My error is this for 3 out of the 50 or so domains I have:

Write failed: Broken pipe
lost connection

… completed in 3 minutes, 27 seconds

remibruggeman · April 25, 2013, 6:58am

Hello,

I’m having Virtualmin 3.99 and I am also facing some backup issues.
These backup plans are running on 2 servers:

First schedule

All virtual servers
All features and settings
to SSH server
File on server: /home/backupname/backup/%Y-%m-%d-%H%M
User & Pass set
Delete old backups after 35 days
Additional Destination options: Do Strftime-style, Transfer each virtual server after it is backed up
Backup format: one file per server, create destination directory
Action on error: Continue
Backup level: FULL
E-mail backup report to: my e-mail
Scheduled Backup Time: Complex schedule: Every Monday at 03:00

Second backup schedule:

All virtual servers
All features and settings
to SSH server
File on server: /home/backupname/backup/INCR/%Y-%m-%d-%H%M
User & Pass set
Delete old backups after 35 days
Additional Destination options: Do Strftime-style, Transfer each virtual server after it is backed up
Backup format: one file per server, create destination directory
Action on error: Continue
Backup level: Incremental
E-mail backup report to: my e-mail
Scheduled Backup Time: Complex schedule: At cron time 0,30 * * * *

The output of mount command:
[root@turing remi]# mount /dev/md4 on / type ext4 (rw) proc on /proc type proc (rw) sysfs on /sys type sysfs (rw) devpts on /dev/pts type devpts (rw,gid=5,mode=620) tmpfs on /dev/shm type tmpfs (rw) /dev/md0 on /boot type ext4 (rw) /dev/md1 on /data type ext4 (rw) /dev/md2 on /secure type ext4 (rw) none on /proc/sys/fs/binfmt_misc type binfmt_misc (rw)
Output of df-h:
Filesystem Size Used Avail Use% Mounted on /dev/md4 3.6T 7.1G 3.4T 1% / tmpfs 16G 4.0K 16G 1% /dev/shm /dev/md0 496M 51M 420M 11% /boot /dev/md1 3.6T 1.3T 2.2T 38% /data /dev/md2 496M 11M 460M 3% /secure
Error message I get by mail:
Uploading archive to SSH server XX.XX.XX.XX … … upload failed! sshbackup@XX.XX.XX.XX’s password: backup.be.tar.gz 0% 0 0.0KB/s --:-- ETAbackup.be.tar.gz 100% 22KB 21.8KB/s 00:00 Write failed: Broken pipe lost connection
or:
Uploading archive to SSH server XX.XX.XX.XX … … upload failed! sshbackup@XX.XX.XX.XX’s password: 286162_31137_28_backup.pl 0% 0 0.0KB/s --:-- ETA286162_31137_28_backup.pl 100% 6060 5.9KB/s 00:00 Write failed: Broken pipe lost connection

… completed in 2 hours, 0:48 minutes

Let me please also state that both links have at least 100Mbit/s uplinks. (ssh server has 120Mbit/sec, production has 100Mbit/sec)

I hope somebody has any use to this so this might solve a problem.

I do not ‘really’ have a problem with this since backups are running every 30 min, but as you can see with the last failed one, it took 2:48h to complete. that might create a problem for me …

Yourname · April 26, 2013, 3:59am

This has now become an everyday occurrence.

Jamie · April 26, 2013, 8:15pm

Do you have access to the SSH server logs from the remote system?
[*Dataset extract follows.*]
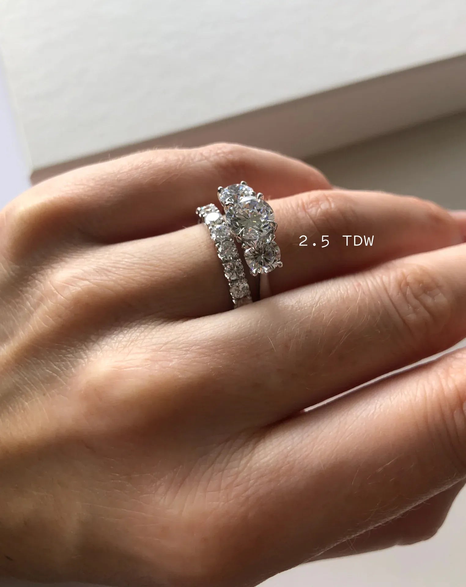 2.5 TDW: 1.5ct centre with 0.5ct each side

It looks like the connection is being killed, and the logs might explain why.

Yourname · April 29, 2013, 10:54am

Thanks, but it’s a whole lotta nothing:


Apr 21 00:54:13 localhost sshd[22882]: Accepted password for backup from 192.168.1.11 port 33354 ssh2
Apr 21 00:54:13 localhost sshd[22882]: pam_unix(sshd:session): session opened for user backup by (uid=0)
Apr 21 00:54:15 localhost sshd[22882]: pam_unix(sshd:session): session closed for user backup
Apr 21 00:54:17 localhost sshd[22902]: Accepted password for backup from 192.168.1.11 port 33355 ssh2
Apr 21 00:54:17 localhost sshd[22902]: pam_unix(sshd:session): session opened for user backup by (uid=0)
Apr 21 00:54:18 localhost sshd[22902]: pam_unix(sshd:session): session closed for user backup
Apr 21 00:54:20 localhost sshd[22922]: Accepted password for backup from 192.168.1.11 port 33356 ssh2
Apr 21 00:54:20 localhost sshd[22922]: pam_unix(sshd:session): session opened for user backup by (uid=0)
Apr 21 00:54:21 localhost sshd[22922]: pam_unix(sshd:session): session closed for user backup
Apr 21 00:54:25 localhost sshd[22942]: Accepted password for backup from 192.168.1.11 port 33357 ssh2
Apr 21 00:54:25 localhost sshd[22942]: pam_unix(sshd:session): session opened for user backup by (uid=0)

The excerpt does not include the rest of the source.